Quartz recently detailed Geisel’s story while making the case for keeping Dr. Seuss at the ready, saying, “in pitting Seuss against social justice, Soeiro [the school librarian] misses one of the fundamental reasons his rhyme-saturated books have endured, and why we should keep reading them to kids.” The piece made a progressive case for Dr. Seuss and the “universality” that picture books offer when kids can escape into a world of pure imagination and green eggs and ham.

Before he wrote Hop on Pop, Geisel was a New York cartoonist who churned out hundreds of war propaganda cartoons that included patriotic and pro-civil rights messages. One of his anti-isolationist war cartoons even resurfaced in recent years as part of the fight for refugees right before Republicans brought back the “America First” movement.

But some of his cartoons were inarguably racist. Despite his inclusivity for black and Jewish people, Geisel didn’t seem to believe in the civil rights of Japanese-Americans and advocated for them to be put in internment camps during World War II. He left his fingerprints on a dark and shameful chapter of American history with cartoons depicting Japanese people as ugly, inhuman stereotypes that were intent on destroying America and were little better than vermin.

Geisel is believed to have had a change of heart after the war. He visited Japan in 1953, meeting schoolchildren around the country as part of his research for a Life magazine article.

“I conceived the idea for Horton Hears a Who from my experiences there,” he said in an interview. “Japan was just emerging, the people were voting for the first time, running their own lives—and the theme was obvious: ‘A person’s a person no matter how small.’”

Geisel dedicated the book to his friend Mitsugi Nakamura, dean of Doshisha University in Kyoto, who influenced both Geisel’s research in Japan and the story about Horton.

First Lady Michelle Obama reads First Lady Michelle Obama reads “Cat in the Hat” at the Library of Congress in Washington, D.C., March 2, 2010. (Credit: White House)

Today, most people remember Geisel’s message about inclusivity, the one they learned as kids reading Horton Hears a Who over and over. The book has long been interpreted as a call for equality and a reminder of human value, and its message of “a person’s a person” has even been adopted by the pro-life movement in the past few decades.

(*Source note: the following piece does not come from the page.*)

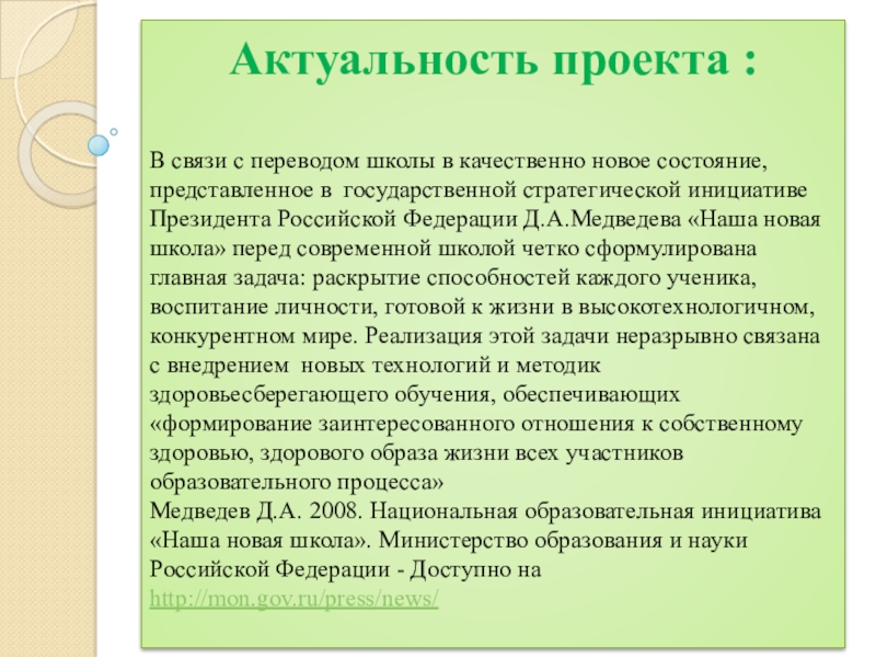В связи с переводом школы в качественно новое состояние, представленное в государственной стратегической инициативе Президента Российской Федерации Д.А.Медведева «Наша новая школа» перед современной школой четко сформулирована главная задача: раскрытие способностей каждого ученика, воспитание личности, готовой к жизни в высокотехнологичном, конкурентном мире. Реализация этой задачи неразрывно связана с внедрением новых технологий и методик здоровьесберегающего обучения, обеспечивающих «формирование заинтересованного отношения к собственному здоровью, здорового образа жизни всех участников образовательного процесса»

If Geisel had endured a 2017-level reaction to his racist cartoons at the time, he might not have been able to visit Japan. His career would have taken a devastating hit in America, and countless children likely would have missed out on his books. Fortunately, he lived before social media mobs existed to drag someone’s name through the mud and make it nearly impossible for anyone to experience growth and grace. He had space to think; to grow as a person and visit another country; and to work out his own salvation by writing an enduring children’s classic.

Credit: Flickr Creative Commons Credit: Flickr Creative Commons

The Sneetches is another Dr. Seuss book that teaches a message of equality and acceptance. In the story, star-bellied and plain-belled “sneetches” live on the beaches, and those with stars think they’re better than those without. They finally realize that they’re all the same – and they’re much happier being equal.

“The day they decided that Sneetches are Sneetches

And no kind of Sneetch is the best on the beaches

That day, all the Sneetches forgot about stars

And whether they had one, or not, upon thars.”

Did Geisel sneak messages into his children’s books the way he had earlier used propaganda to promote American patriotism and liberal ideals in cartoons? He admitted in later years that yes, his books were quietly propagandistic.

“The morals sneak in, as they do in all drama,” he said. “Every story’s got to have a winner, so I happen to make the good guys win.”

*Yes, the Bible describes the creature that swallowed Jonah as a “great fish,” but “whale” is usually what people reference.